**Exercise aim:**
Stop after the line with "- pravy klik". Up to that point, output every line of the listing below exactly from the first one onward, skipping pictures.

**Records for this task:**
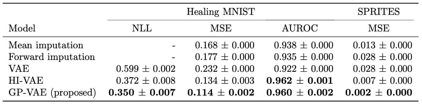 Healing MNIST ・SPRITES データに対する性能評価(出典:GP-VAE 論文 Table 1)
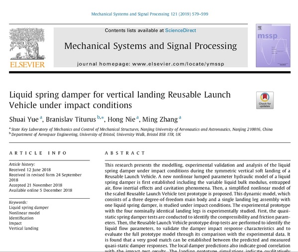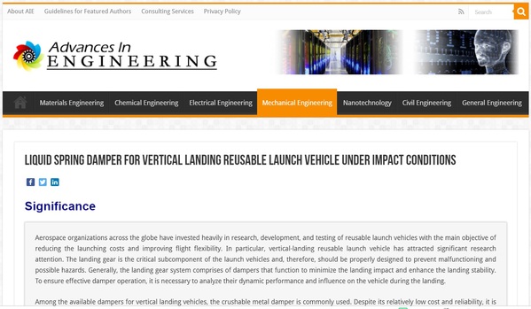 近日,bevictor伟德官网博士研究生岳帅(导师:聂宏教授)在机械工程领域国际权威期刊《Mechanical Systems and Signal Processing》(Volumes 121, August 2019, Pages 579-599,影响因子5.005)发表的论文被全球著名科技媒体机构“工程进展”(Advances in Engineering,AIE)遴选为关键科学文章,并以“Liquid spring damper for vertical landing Reusable Launch Vehicle under impact conditions”为题对垂直起降运载器着陆缓冲系统最新研究成果进行了重点专题报道。
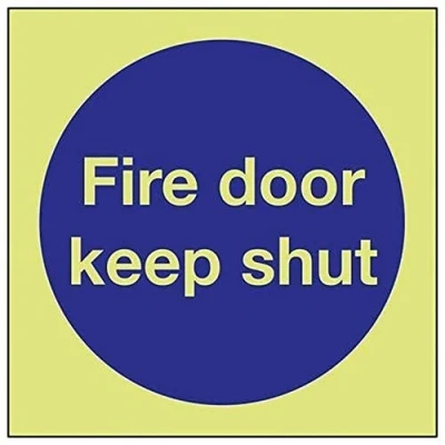 Helps to fulfil obligations to show vital escape route information about fire doors for all employees and visitors as per Health and Safety (Safety Signs & Signals) Regulations 1996 Conforms to EN ISO 7010:2012 Square Orientation. Sign reads "Fire Door Keep Shut" Highly durable Glow In The Dark Self Adhesive Vinyl and screen printed message will stand the test of time Sign measures 100 x 100mm. Self Adhesive material will adhere securely to most surfaces
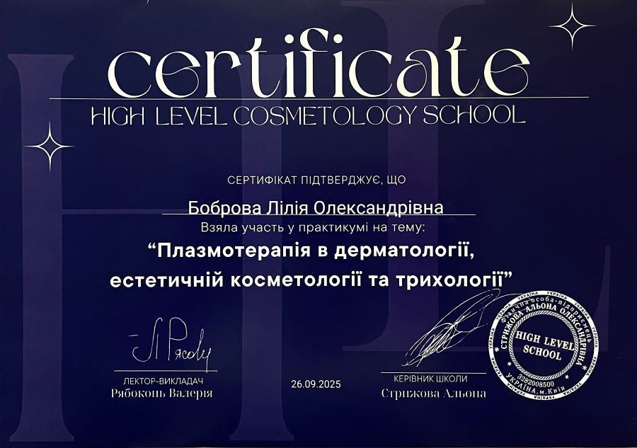 - 2025 г. – Практикум «Плазмотерапия в дерматологии, эстетической косметологии и трихологии».
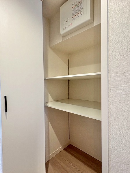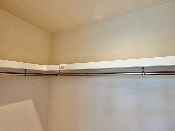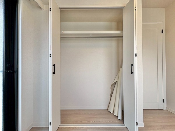 洋室にはゆったりとしたウォークインクローゼットを完備。丈の長い衣類もきれいに収納でき、衣替えもスムーズ。大きめの荷物も難なく収まるので、すっきりと片付いたお部屋を保てますよ✧
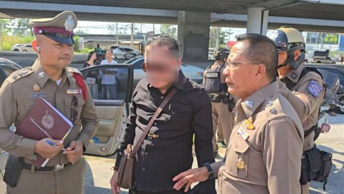 ด้าน พ.ต.อ.พฤฒ จำรูญศาสน์ ผกก.สภ.บางบัวทอง กล่าวว่า เบื้องต้นหลังได้รับแจ้งเหตุ เจ้าหน้าที่ตำรวจได้เดินทางไปที่เกิดเหตุ โดยผู้ก่อเหตุได้ยืนรอมอบตัวพร้อมด้วยของกลางอาวุธปืนพกสั้น ขนาด 9 มม. จึงได้เข้าควบคุมตัว มาที่สภ.บางบัวทอง เพื่อสอบปากคำ โดยเบื้องต้นแจ้ง 3 ข้อหา 1.พยายามฆ่า 2.พกพาอาวุธปืนในที่สาธารณะ 3.ยิงปืนในที่สาธารณะ จากการตรวจสอบพบว่าปืนมีทะเบียน แต่ผู้ก่อเหตุไม่มีใบอนุญาตพกพา จึงได้นำตัวดำเนินคดีตามกฎหมาย
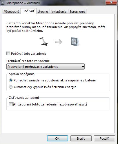 - pravy klik na ikonu repraku, dole pri hodinach - nahravacie zariadenia - zvolit mikrofon, dat vlastnosti - karta pocuvat a nastavit podla obr. prilohy
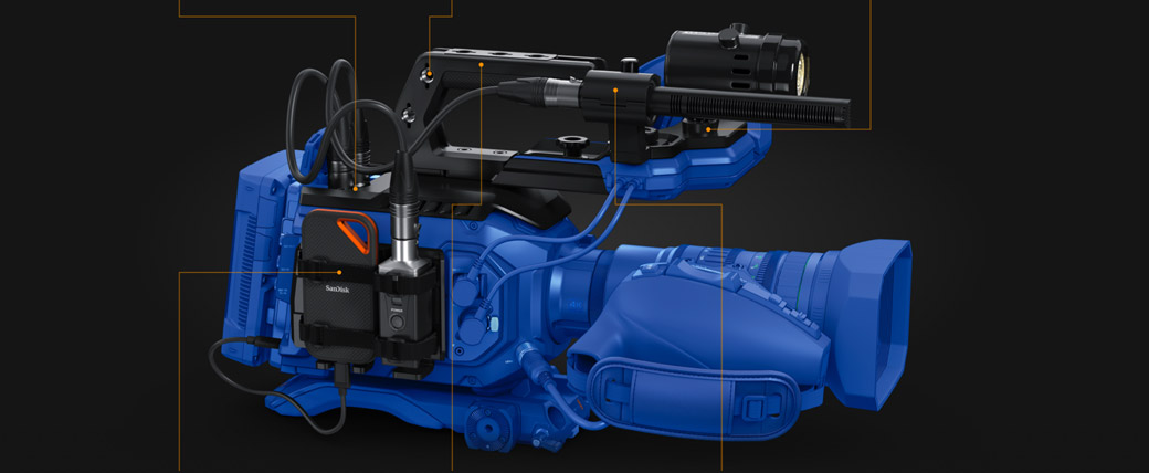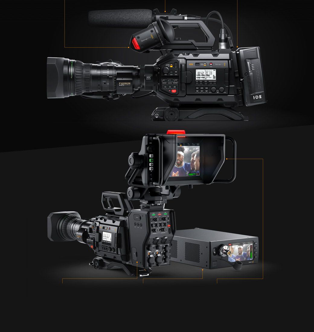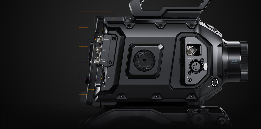 URSA Broadcast G2 features a super strong, lightweight magnesium alloy body that’s perfectly balanced and designed to be comfortable to use all day! It features familiar externally mounted switches and controls that give you direct access to the most important camera settings. The controls are laid out logically, making them easy to locate by feel, so you can adjust settings without having to look at the buttons. You also get a foldout touchscreen for monitoring, viewing camera status and changing settings using on screen menus. URSA Broadcast G2 also includes standard 12G-SDI connections, XLR audio inputs, USB-C and an industry standard 4 pin XLR broadcast 12V DC connection!
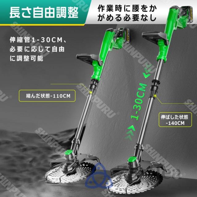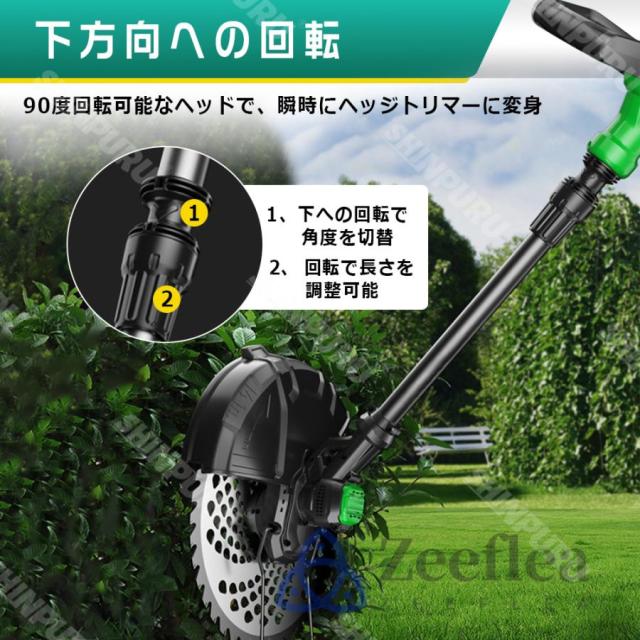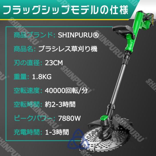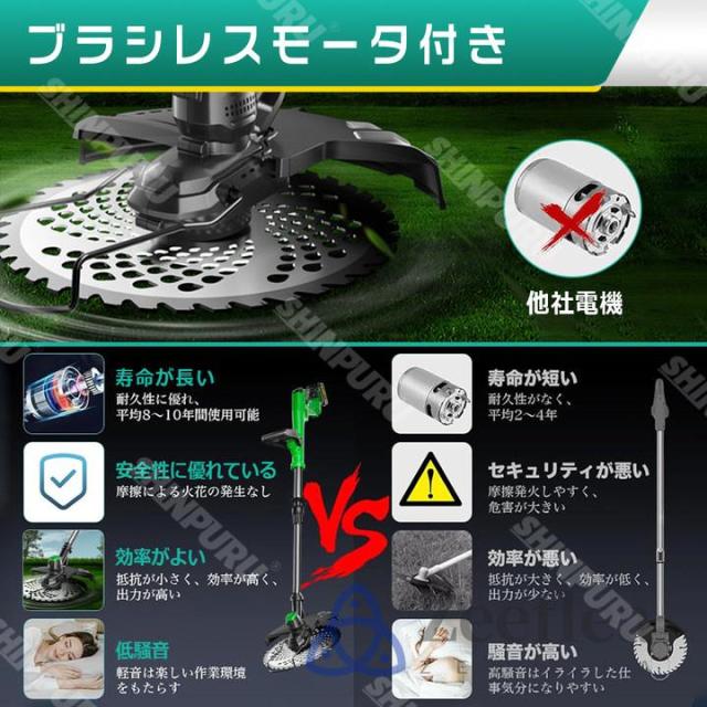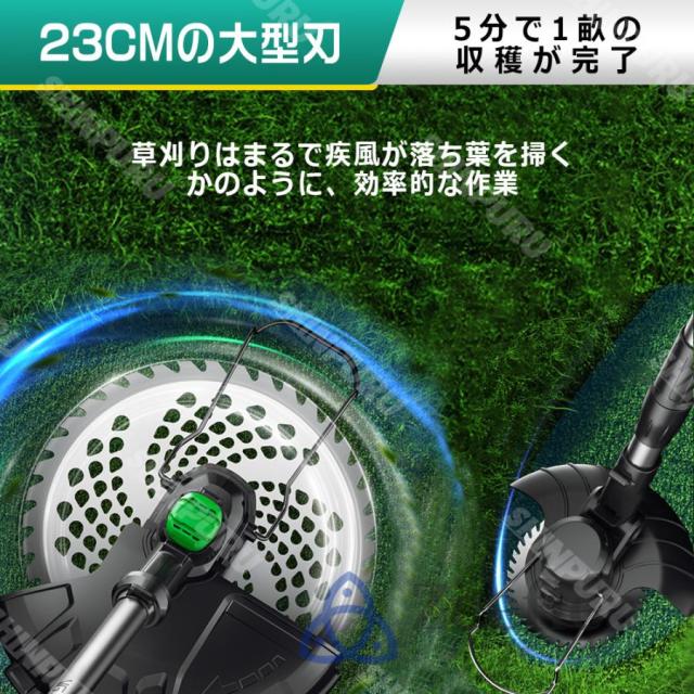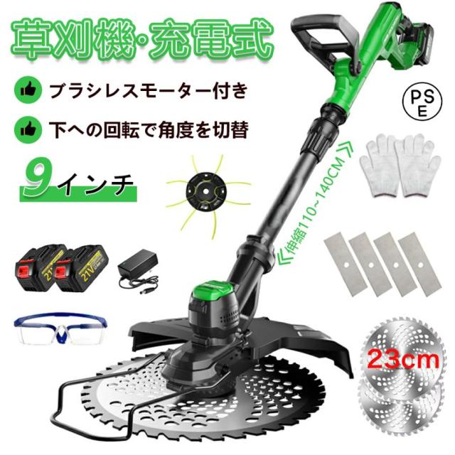草刈機 充電式 草刈り機 コードレス 9インチ刈払機 ブラシレスモーター 芝刈り機 電動芝刈機 ナイロンカッター 軽量 伸縮可 角度調整可 替え刃7枚付き 枝切り

**Solution for this task:**
 Healing MNIST ・SPRITES データに対する性能評価(出典:GP-VAE 論文 Table 1)
 近日,bevictor伟德官网博士研究生岳帅(导师:聂宏教授)在机械工程领域国际权威期刊《Mechanical Systems and Signal Processing》(Volumes 121, August 2019, Pages 579-599,影响因子5.005)发表的论文被全球著名科技媒体机构“工程进展”(Advances in Engineering,AIE)遴选为关键科学文章,并以“Liquid spring damper for vertical landing Reusable Launch Vehicle under impact conditions”为题对垂直起降运载器着陆缓冲系统最新研究成果进行了重点专题报道。
 Helps to fulfil obligations to show vital escape route information about fire doors for all employees and visitors as per Health and Safety (Safety Signs & Signals) Regulations 1996 Conforms to EN ISO 7010:2012 Square Orientation. Sign reads "Fire Door Keep Shut" Highly durable Glow In The Dark Self Adhesive Vinyl and screen printed message will stand the test of time Sign measures 100 x 100mm. Self Adhesive material will adhere securely to most surfaces
 - 2025 г. – Практикум «Плазмотерапия в дерматологии, эстетической косметологии и трихологии».
 洋室にはゆったりとしたウォークインクローゼットを完備。丈の長い衣類もきれいに収納でき、衣替えもスムーズ。大きめの荷物も難なく収まるので、すっきりと片付いたお部屋を保てますよ✧
 ด้าน พ.ต.อ.พฤฒ จำรูญศาสน์ ผกก.สภ.บางบัวทอง กล่าวว่า เบื้องต้นหลังได้รับแจ้งเหตุ เจ้าหน้าที่ตำรวจได้เดินทางไปที่เกิดเหตุ โดยผู้ก่อเหตุได้ยืนรอมอบตัวพร้อมด้วยของกลางอาวุธปืนพกสั้น ขนาด 9 มม. จึงได้เข้าควบคุมตัว มาที่สภ.บางบัวทอง เพื่อสอบปากคำ โดยเบื้องต้นแจ้ง 3 ข้อหา 1.พยายามฆ่า 2.พกพาอาวุธปืนในที่สาธารณะ 3.ยิงปืนในที่สาธารณะ จากการตรวจสอบพบว่าปืนมีทะเบียน แต่ผู้ก่อเหตุไม่มีใบอนุญาตพกพา จึงได้นำตัวดำเนินคดีตามกฎหมาย
 - pravy klik na ikonu repraku, dole pri hodinach - nahravacie zariadenia - zvolit mikrofon, dat vlastnosti - karta pocuvat a nastavit podla obr. prilohy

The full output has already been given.